No, it looks like it is another dependency, which attempts to download regardless of which base model I am using

One example of a generate.py line that I have tried:
python generate.py --base_model=meta-llama/llama-2-7b-chat-hf --score_model=None --langchain_mode='UserData' --user_path=user_path --use_auth_token=True --max_seq_len=4096 --max_max_new_tokens=2048

from h2ogpt.

han-sogawa avatar han-sogawa commented on June 18, 2024

I think this may be where it is entering to try to download the file:

embedding = HuggingFaceInstructEmbeddings(model_name=hf_embedding_model,

from h2ogpt.

pseudotensor avatar pseudotensor commented on June 18, 2024

What if you try a different embedding model, e.g. add to generate.py line:

--hf_embedding_model=sentence-transformers/all-MiniLM-L12-v2

Also, you can try disabling hf_transfer by setting this env:

export HF_HUB_ENABLE_HF_TRANSFER=0

from h2ogpt.

pseudotensor avatar pseudotensor commented on June 18, 2024

FYI this is what it looks like when running your command you gave:

(h2ogpt) jon@pseudotensor:~/h2ogpt$ python generate.py --base_model=meta-llama/llama-2-7b-chat-hf --score_model=None --langchain_mode='UserData' --user_path=user_path --use_auth_token=True --max_seq_len=4096 --max_max_new_tokens=2048
Using Model meta-llama/llama-2-7b-chat-hf
load INSTRUCTOR_Transformer
max_seq_length  512
Starting get_model: meta-llama/llama-2-7b-chat-hf 
/home/jon/miniconda3/envs/h2ogpt/lib/python3.10/site-packages/huggingface_hub/file_download.py:1132: FutureWarning: `resume_download` is deprecated and will be removed in version 1.0.0. Downloads always resume when possible.
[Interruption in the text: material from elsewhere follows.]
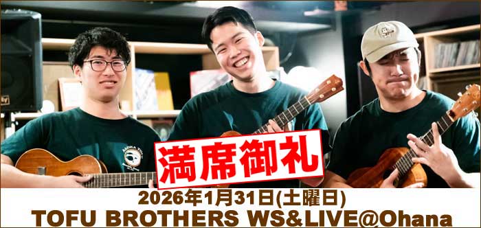 | ☆Tofu Brothers ウクレレワークショップ&Live@Ohana☆ | |||||||
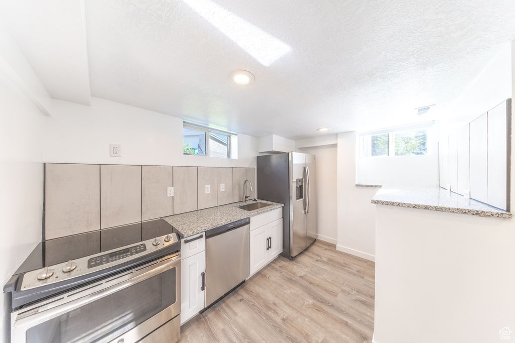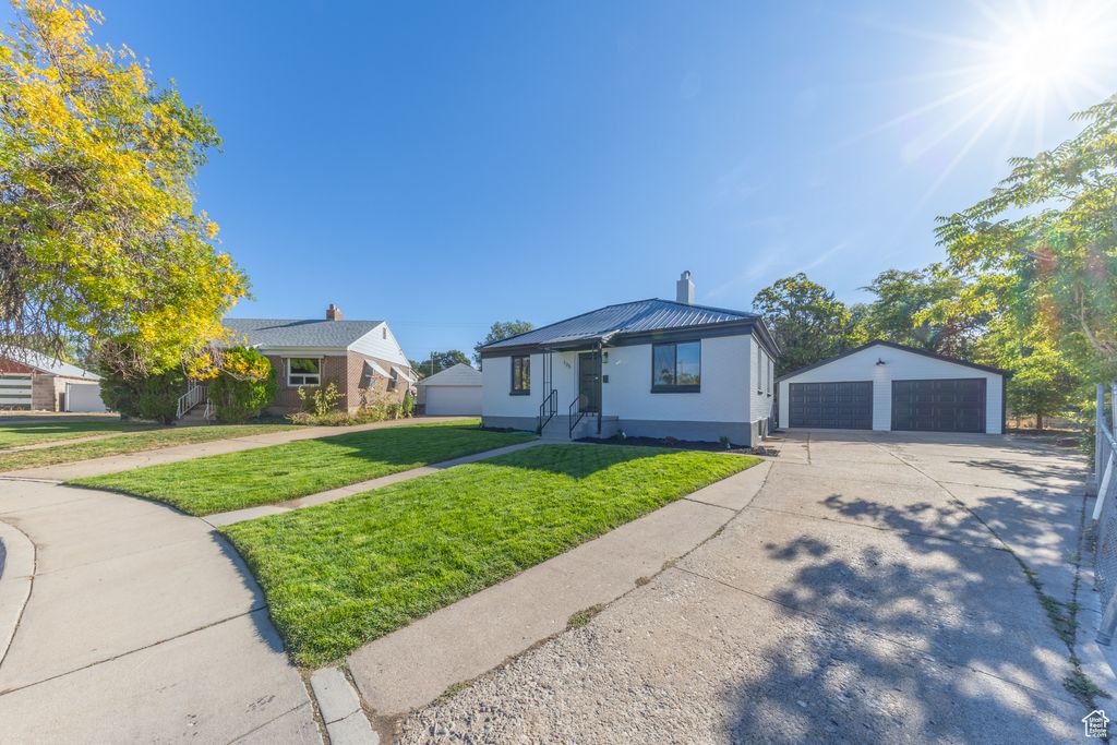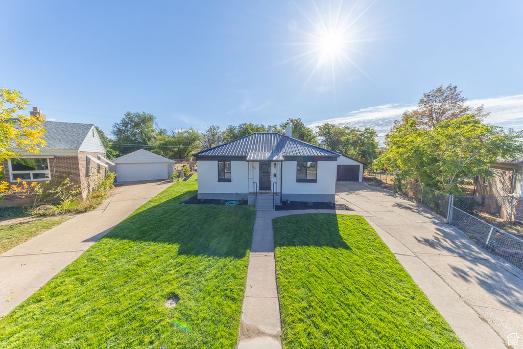 Price Reduced. Situated near Hill Air Force Base, this beautifully renovated home is truly move-in ready. Featuring 4 bedrooms and 2 full bathrooms, the property has undergone a complete, permitted renovation with all major systems brand new. The fully finished basement is equipped with everything needed for an internal ADU, offering excellent flexibility for extended family or rental income. Major Upgrades Include: Electrical: All new wiring with a 200-amp upgraded panel. Plumbing: New PEX supply lines, fully redone drain lines, and a 50-gallon water heater. Roof: Brand-new metal roof. HVAC: New furnace and central air conditioning system. Interior Finishes: LVL plank flooring throughout, quartz countertops in both kitchens, and new garage doors. Exterior Improvements: Newly sodded yard with automatic sprinklers. 644 square foot detached garage with brand new garage doors. Quiet cul-de-sac location with no immediate backyard neighbors. This home offers peace of mind with its complete system overhauls, modern finishes, and income potential-all in a prime Clearfield location close to schools, shopping, and HAFB. Square footage figures provided are estimated. Buyer is advised to obtain an independent measurement.

If you want to force a new download, use `force_download=True`.
  warnings.warn(
config.json: 100%|███████████████████████████████████████████████████████████████████████████████████████████████████████████████████████████████████████████████████████████████████████████████████████████████████| 614/614 [00:00<00:00, 1.45MB/s]
Overriding max_seq_len -> 4096
tokenizer_config.json: 100%|█████████████████████████████████████████████████████████████████████████████████████████████████████████████████████████████████████████████████████████████████████████████████████| 1.62k/1.62k [00:00<00:00, 3.93MB/s]
tokenizer.model: 100%|█████████████████████████████████████████████████████████████████████████████████████████████████████████████████████████████████████████████████████████████████████████████████████████████| 500k/500k [00:00<00:00, 8.89MB/s]
tokenizer.json: 100%|████████████████████████████████████████████████████████████████████████████████████████████████████████████████████████████████████████████████████████████████████████████████████████████| 1.84M/1.84M [00:00<00:00, 5.95MB/s]
special_tokens_map.json: 100%|████████████████████████████████████████████████████████████████████████████████████████████████████████████████████████████████████████████████████████████████████████████████████████| 414/414 [00:00<00:00, 876kB/s]
Overriding max_seq_len -> 4096
Overriding max_seq_len -> 4096
device_map: {'': 0}
pytorch_model.bin.index.json: 100%|██████████████████████████████████████████████████████████████████████████████████████████████████████████████████████████████████████████████████████████████████████████████| 26.8k/26.8k [00:00<00:00, 85.6MB/s]
pytorch_model-00001-of-00002.bin: 100%|██████████████████████████████████████████████████████████████████████████████████████████████████████████████████████████████████████████████████████████████████████████▉| 9.98G/9.98G [01:29<00:00, 112MB/s]
pytorch_model-00002-of-00002.bin: 100%|██████████████████████████████████████████████████████████████████████████████████████████████████████████████████████████████████████████████████████████████████████████▉| 3.50G/3.50G [00:31<00:00, 110MB/s]
Downloading shards: 100%|███████████████████████████████████████████████████████████████████████████████████████████████████████████████████████████████████████████████████████████████████████████████████████████████| 2/2 [02:01<00:00, 60.77s/it]
Loading checkpoint shards: 100%|████████████████████████████████████████████████████████████████████████████████████████████████████████████████████████████████████████████████████████████████████████████████████████| 2/2 [00:04<00:00,  2.30s/it]
generation_config.json: 100%|█████████████████████████████████████████████████████████████████████████████████████████████████████████████████████████████████████████████████████████████████████████████████████████| 188/188 [00:00<00:00, 530kB/s]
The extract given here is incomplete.